Nel disegno preparatorio (studio a matita e biacca su carta, mm 255 x 191, al Museo Civico di Modena, 1841 circa), quadrettato per l’ingrandimento in scala, la Madonna appare fortemente ispirata ai modelli raffaelleschi, come la Madonna del Baldacchino in Palazzo Pitti; infatti, nel 1841 Malatesta era appena rientrato dal soggiorno fiorentino. Nella pala finita il gruppo della sacra conversazione è più impostato invece su un modello compositivo ricalcante soluzioni venete quattrocentesche, memore degli esempi belliniani visti durante il soggiorno veneziano appena trascorso. Il volto della Madonna rimane Raffaellesco, il suo atteggiamento, quello del Bambino e l’ideazione architettonica dell’edicola sembrano invece derivare dalla Madonna in trono con dieci santi e tre putti cantanti di Giovanni Bellini, che Malatesta vide nella cappella della Vittoria nella chiesa dei santi Giovanni e Paolo a Venezia, distrutta nel 1867. Dallo stesso dipinto Malatesta aveva desunto anche l’ordine compositivo e la concezione spaziale. Nelle aperture del baldacchino uno scorcio su un cielo azzurro attraversato dall’arcobaleno simbolo dell’Immacolata e della Redenzione, presente anche nella pala di Ludovico Carracci con la Vergine Assunta che fino al 1783 occupava l’altare principale delle chiesa. Il dipinto testimonia, anche per registro cromatico, il momento di forse maggior adesione al Purismo: direzione in cui le frequentazioni veneziane con Pietro Estense Selvatico e Peter Cornelius avevano indirizzato il giovane pittore modenese e che riceverà ulteriori stimoli dall’esperienza romana, dal 1837 al 1839. L’opera divenne subito un modello per gli altri pittori modenesi, tanto che Alfonso Chierici, all’esposizione dell’Accademia Atestina del 1841, presentò una Vergine in trono con san Francesco e il beato Torello nella cui impostazione quattrocentesca si individua chiaramente l’influenza malatestiana. Anche lo scrittore Tullio Dandolo, sulle pagine della Gazzetta
privilegiata di Milano, il 14 novembre 1841 commentava positivamente la pala delle domenicane : «è una composizione all’antica, quali costumavano farne Francia, Perugino, Bellino... in questa Madonna... è una quiete solenne, una morale soavità, che ci trasporta al felice Quattrocento». Lo stesso Malatesta dimostra di considerare quest’opera un’importante testimonianza delle proprie scelte stilistiche, decidendo di esporla alla mostra di Brera del 1844, insieme ad altri importanti dipinti tra cui il Tobia e tre ritratti; qui la pala non ricevette però buona accoglienza, forse a causa di un pubblico ormai abituato all’acceso cromatismo veneto della pittura di Hayez e ostile alle tematiche puriste, desideroso di una pittura illusionisticamente perfetta e piacevolmente decorativa, in particolare nella descrizione di ricchi accessori.
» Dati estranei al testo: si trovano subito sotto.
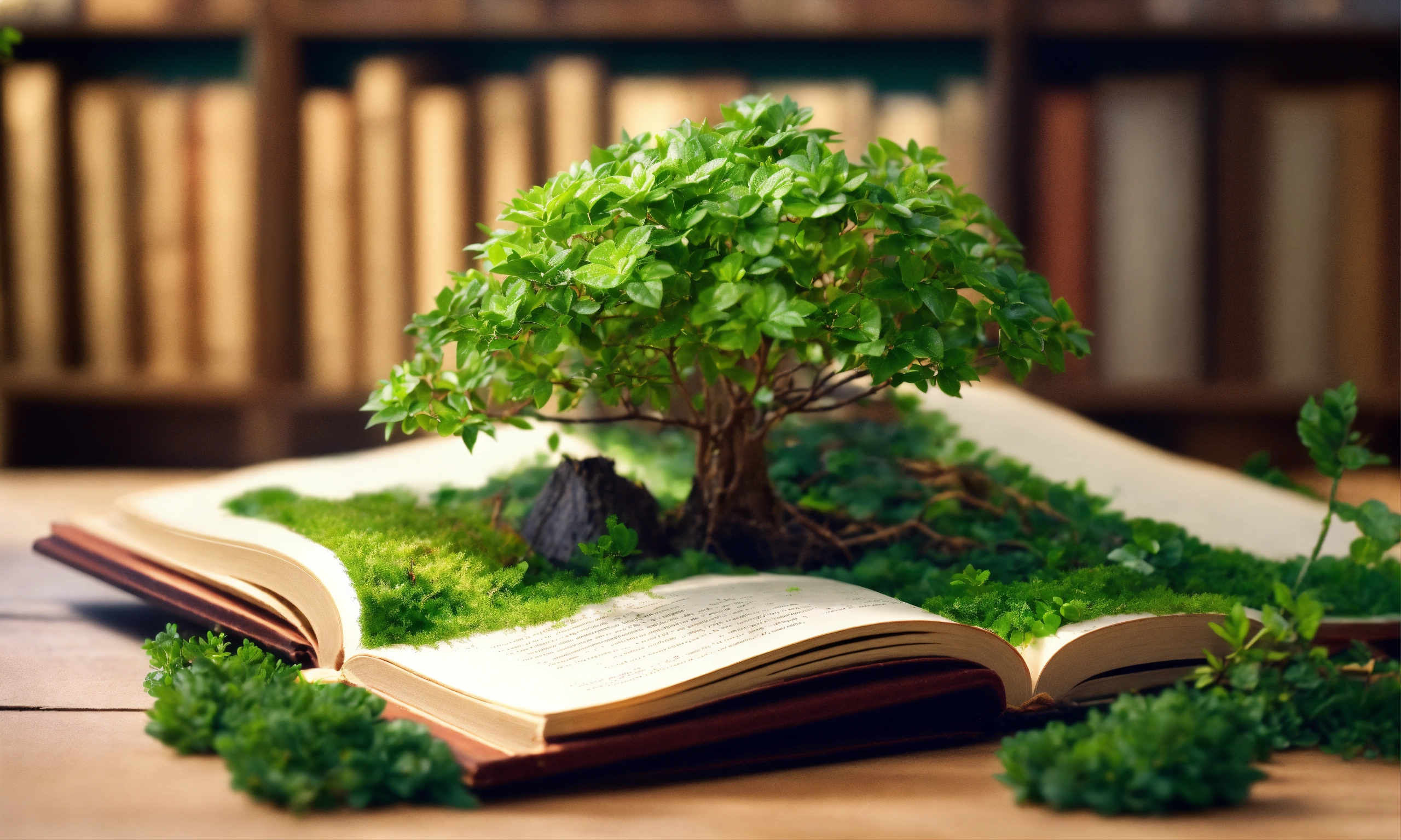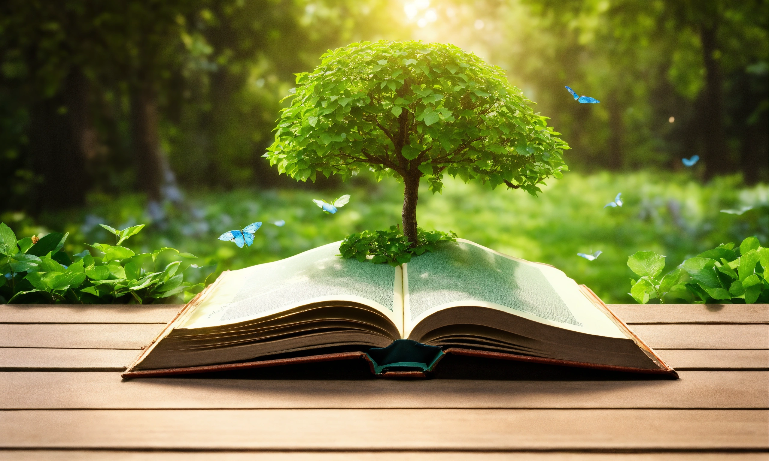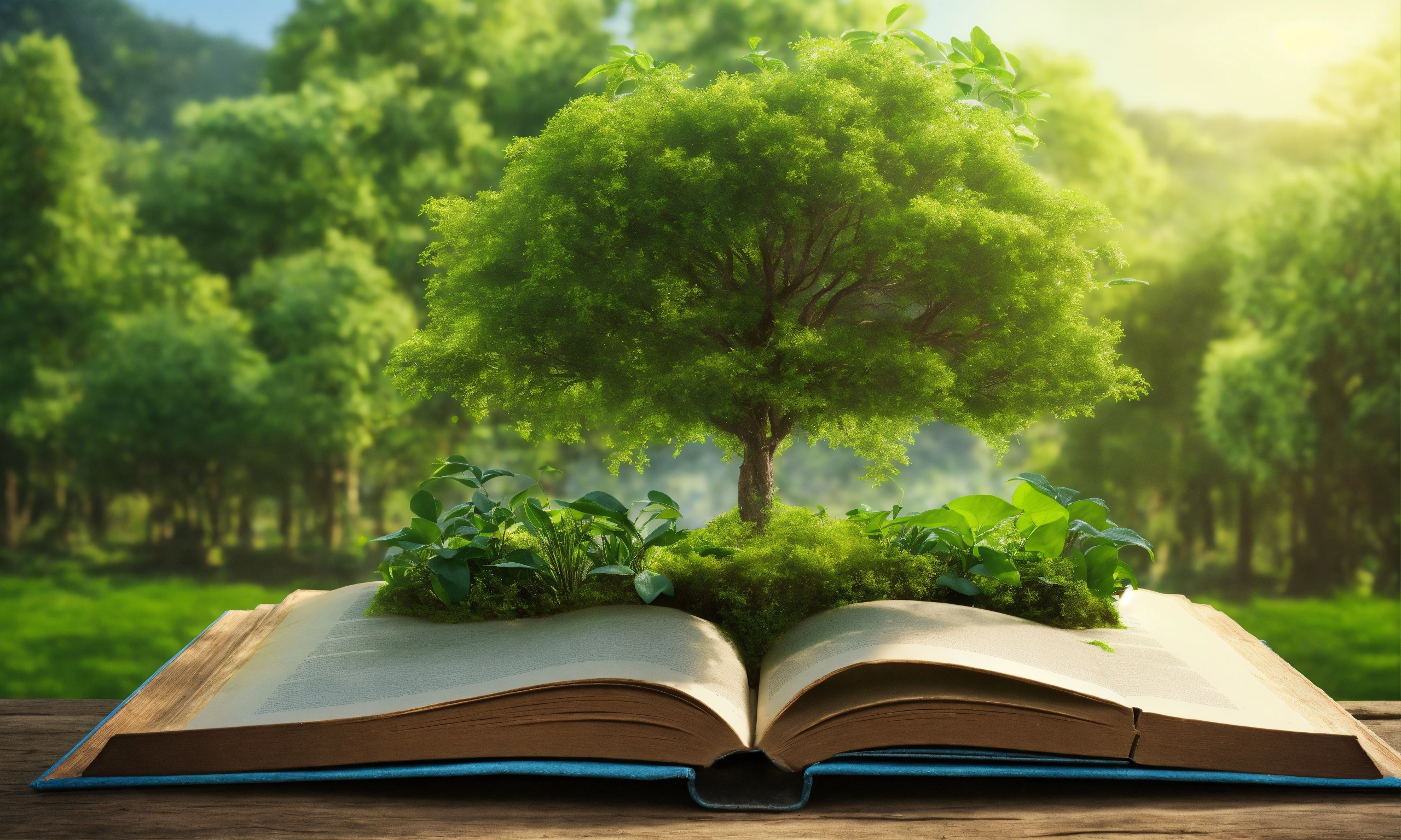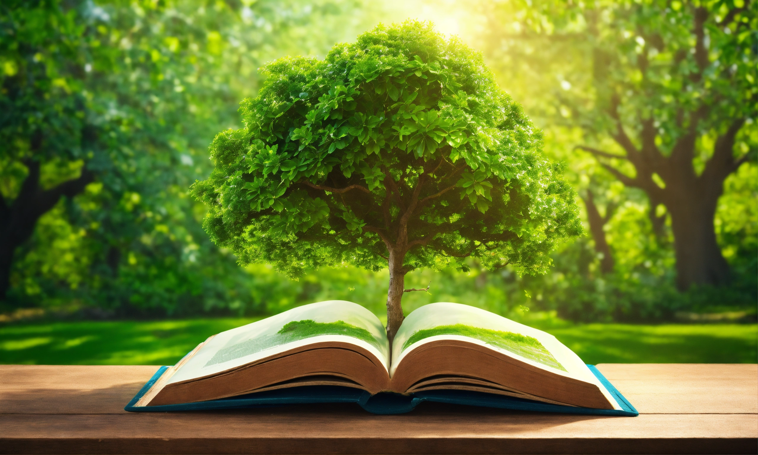 A realistic photo of an opened book from which emerges a lot of plants and a big green tree

I rischi di incomprensione da parte del pubblico milanese per un’opera così austera furono previsti da Giovanni Galvani, inviato a Milano per seguire l’allestimento dei dipinti modenesi nelle sale dell’Accademia Braidense. Scriveva questi all’artista il 20 settembre 1844: «non la credo intesa dalla moltitudine avvezza qui ai velluti, ai rasi alle pellicce ed alle seducenti bellezze; ed il maschio suo pennello veneziano può sembrar scuro in faccia agli smalti ed agli specchi di quella scuola». Ma ancor più gravi erano le critiche che venivano dallo stesso campo purista e in particolare da Selvatico, il quale liquidava così la pala delle domenicane: «quantunque dipinta bene e segnata con severo stile, mostra forse una troppo ligia imitazione del ‘400; e que’ puttini nudi che cantano ai piedi del trono, sebbene coloriti con verità, non offrono la bellezza celestiale degli angeli».